**GIVEN INFORMATION**.

■ ■ ■ ■

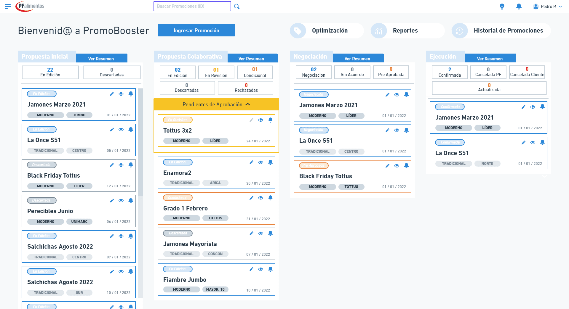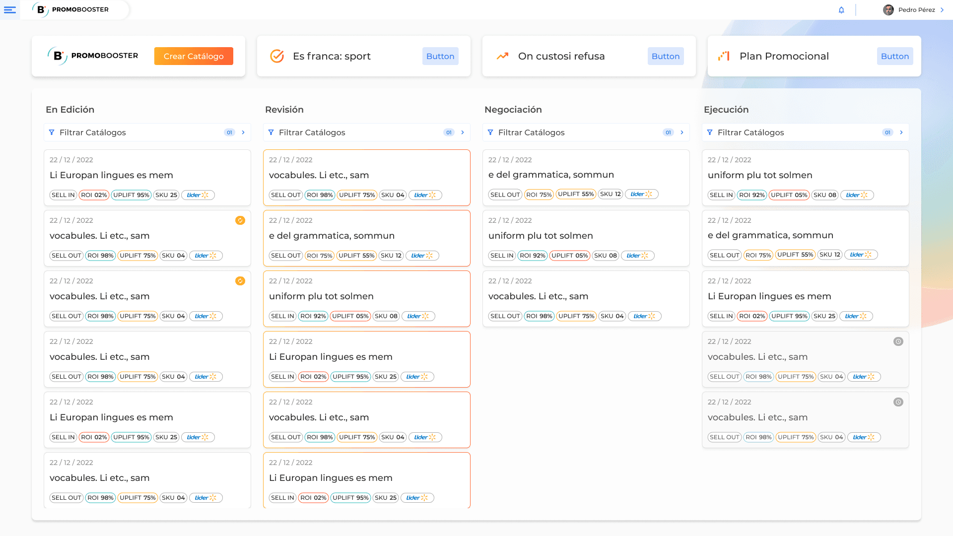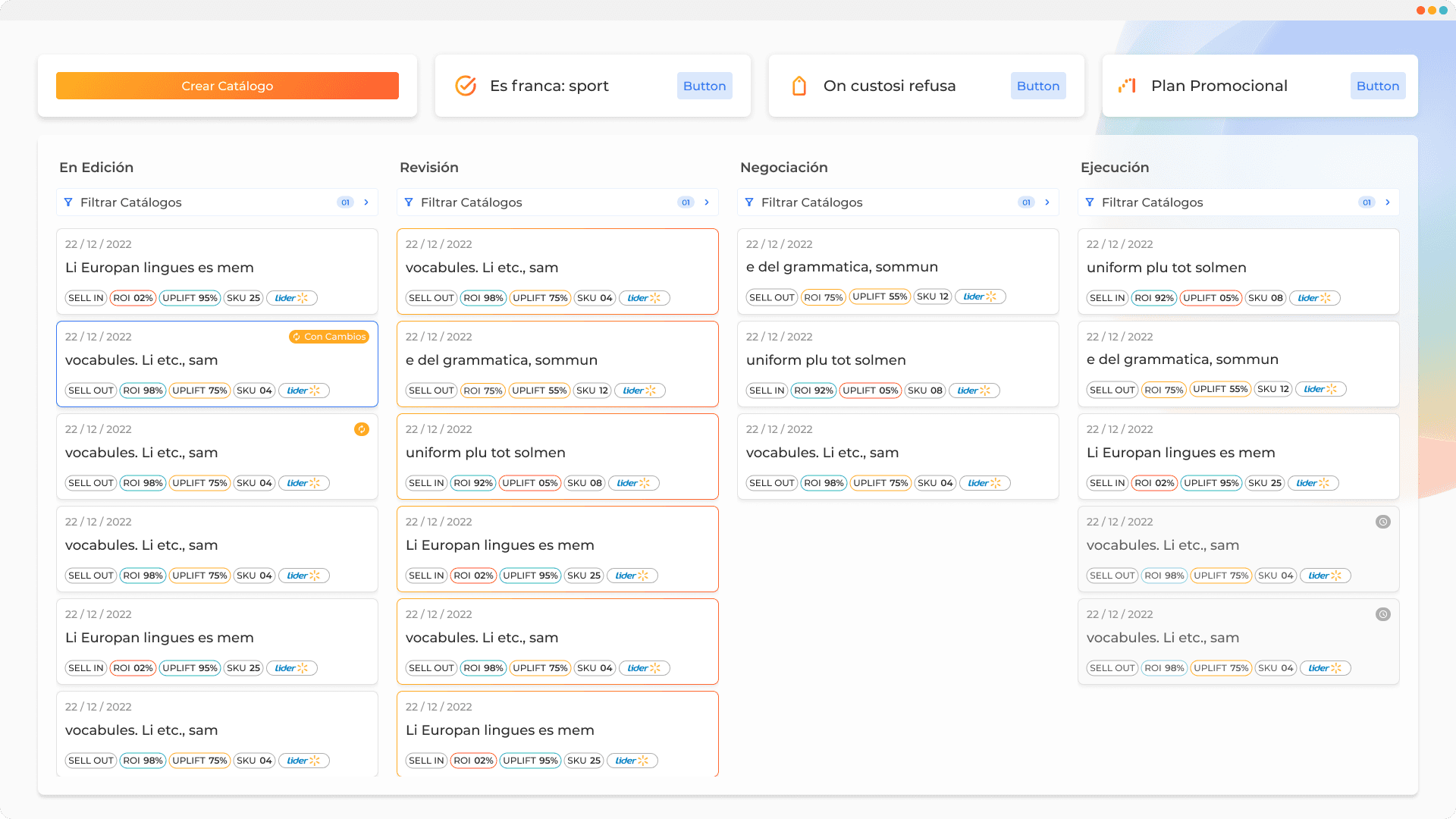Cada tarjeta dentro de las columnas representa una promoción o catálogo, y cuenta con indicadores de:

■ ■ ■ ■

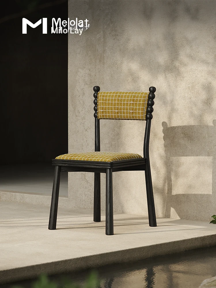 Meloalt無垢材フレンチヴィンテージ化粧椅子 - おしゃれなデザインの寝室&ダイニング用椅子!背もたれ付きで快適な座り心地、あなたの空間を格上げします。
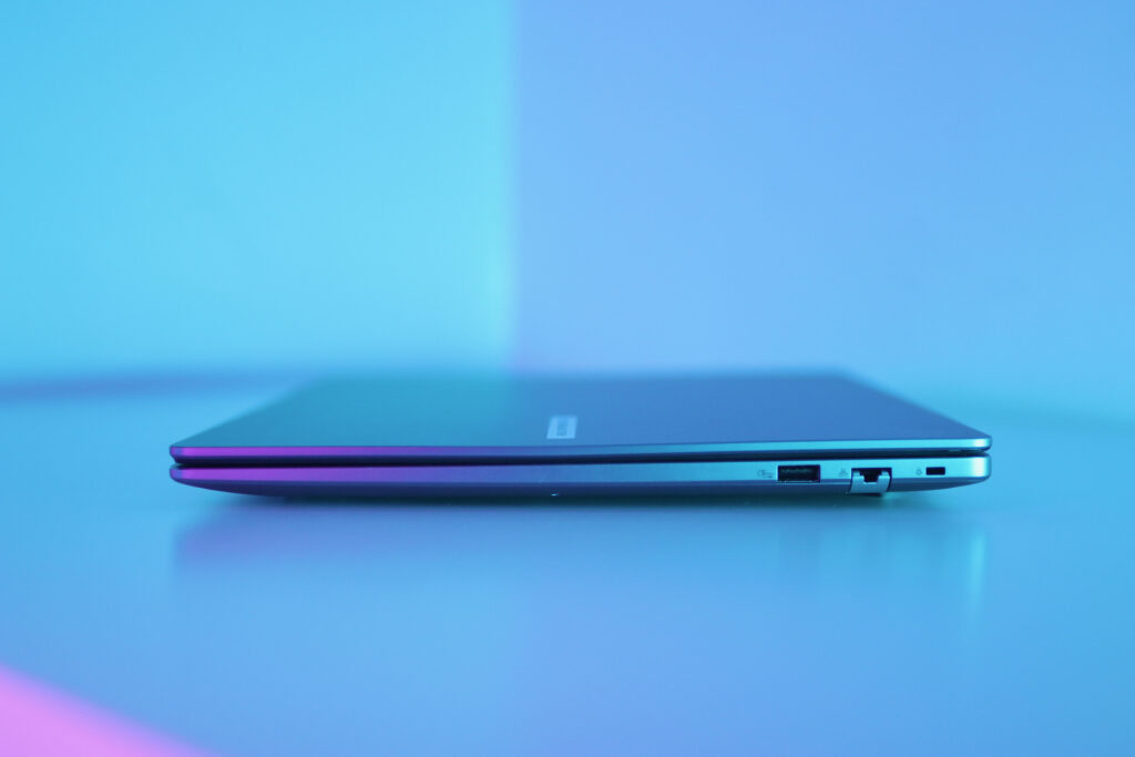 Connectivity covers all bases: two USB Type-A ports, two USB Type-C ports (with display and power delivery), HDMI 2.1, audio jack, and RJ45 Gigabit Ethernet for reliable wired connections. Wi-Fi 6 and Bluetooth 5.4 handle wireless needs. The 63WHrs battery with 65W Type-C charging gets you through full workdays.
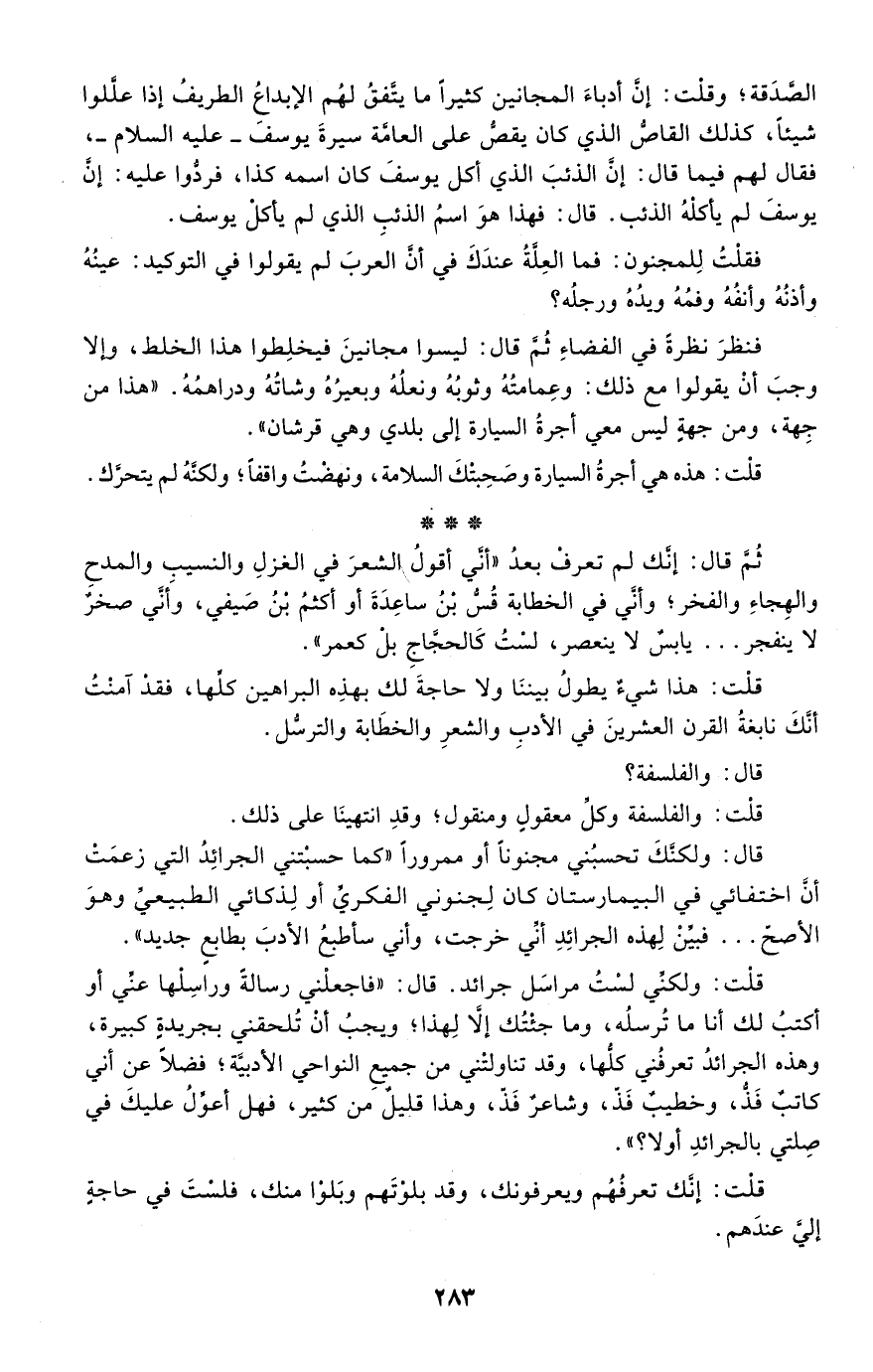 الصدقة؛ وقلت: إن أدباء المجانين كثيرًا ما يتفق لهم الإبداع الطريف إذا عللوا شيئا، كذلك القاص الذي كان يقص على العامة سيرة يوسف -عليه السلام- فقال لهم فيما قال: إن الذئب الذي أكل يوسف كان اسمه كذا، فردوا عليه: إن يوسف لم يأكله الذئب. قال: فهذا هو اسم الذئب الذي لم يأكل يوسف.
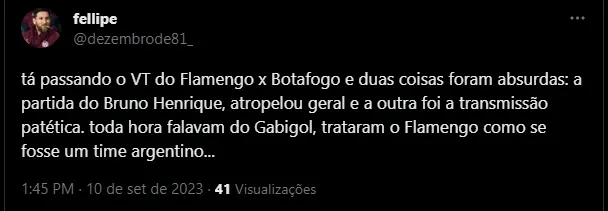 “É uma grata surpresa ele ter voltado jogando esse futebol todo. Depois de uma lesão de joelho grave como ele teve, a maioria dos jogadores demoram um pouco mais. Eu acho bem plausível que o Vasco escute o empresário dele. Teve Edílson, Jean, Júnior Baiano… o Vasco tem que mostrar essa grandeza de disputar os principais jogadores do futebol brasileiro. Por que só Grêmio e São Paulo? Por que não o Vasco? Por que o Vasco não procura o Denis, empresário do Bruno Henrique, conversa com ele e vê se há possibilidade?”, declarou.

■ ■ ■ ■

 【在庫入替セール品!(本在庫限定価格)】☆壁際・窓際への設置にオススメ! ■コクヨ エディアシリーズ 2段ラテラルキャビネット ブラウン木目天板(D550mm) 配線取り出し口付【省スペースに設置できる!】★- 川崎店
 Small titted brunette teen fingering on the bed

■ ■ ■ ■

**WORK INSTRUCTIONS**. Go to the line in the material above that contains "ブラウン木目天板(D550mm) 配線取り出し口付【省スペースに設置できる!】★- 川崎店" and copy exactly from there through the line that contains "Small titted brunette", stopping after it.

**EXPECTED ANSWER**.
 【在庫入替セール品!(本在庫限定価格)】☆壁際・窓際への設置にオススメ! ■コクヨ エディアシリーズ 2段ラテラルキャビネット ブラウン木目天板(D550mm) 配線取り出し口付【省スペースに設置できる!】★- 川崎店
 Small titted brunette teen fingering on the bed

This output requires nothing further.